Crosslingual and Multilingual Speech Recognition Based on the Speech Manifold

Abstract

Speech signals are produced by the smooth and continuous movements of the human articulators. An articulatory representation of speech is considered to be a more compact, more universal, and language-independent speech feature space and can, therefore, improve crosslingual and multilingual speech recognition systems, especially when porting components from one language to another in low-resource scenarios. However, learning the acoustic-to-articulatory conversion has proven to be a very challenging task. In this paper, we utilize a manifold learning technique to derive a nonlinear feature transformation from the conventional filterbank feature space to an articulatory-like feature space. The coordinates in the resultant representation of which some have demonstrable phonological meaning are shown to be highly portable across languages. We propose a proper framework in terms of data selection and graph construction to train coordinates from multilingual data, which allows for training the coordinate space when we have abundant out-of-language data.

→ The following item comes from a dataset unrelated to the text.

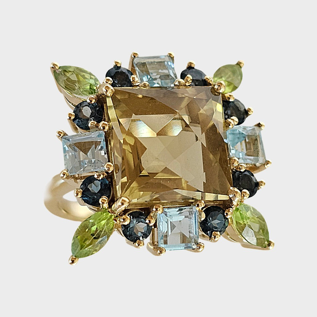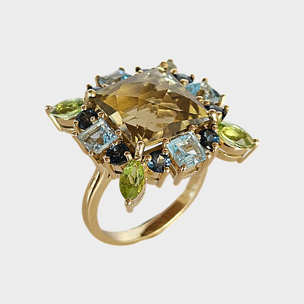 Anel da coleção RM em ouro amarelo 18 k, greengold 7,7ct e topázios 3,03ct e peridotos 1,2ct

Deep neural network (DNN) bottleneck features are demonstrated to exhibit a greater degree of language independence when using this representation than in the case of filterbank features as inputs. The usability of this representation is further demonstrated in a number of speech recognition experiments using DNNs in a variety of crosslingual and multilingual scenarios using the multilingual GlobalPhone dataset. Especially, speech recognition systems developed in low-resource settings profit from the improved portability across languages.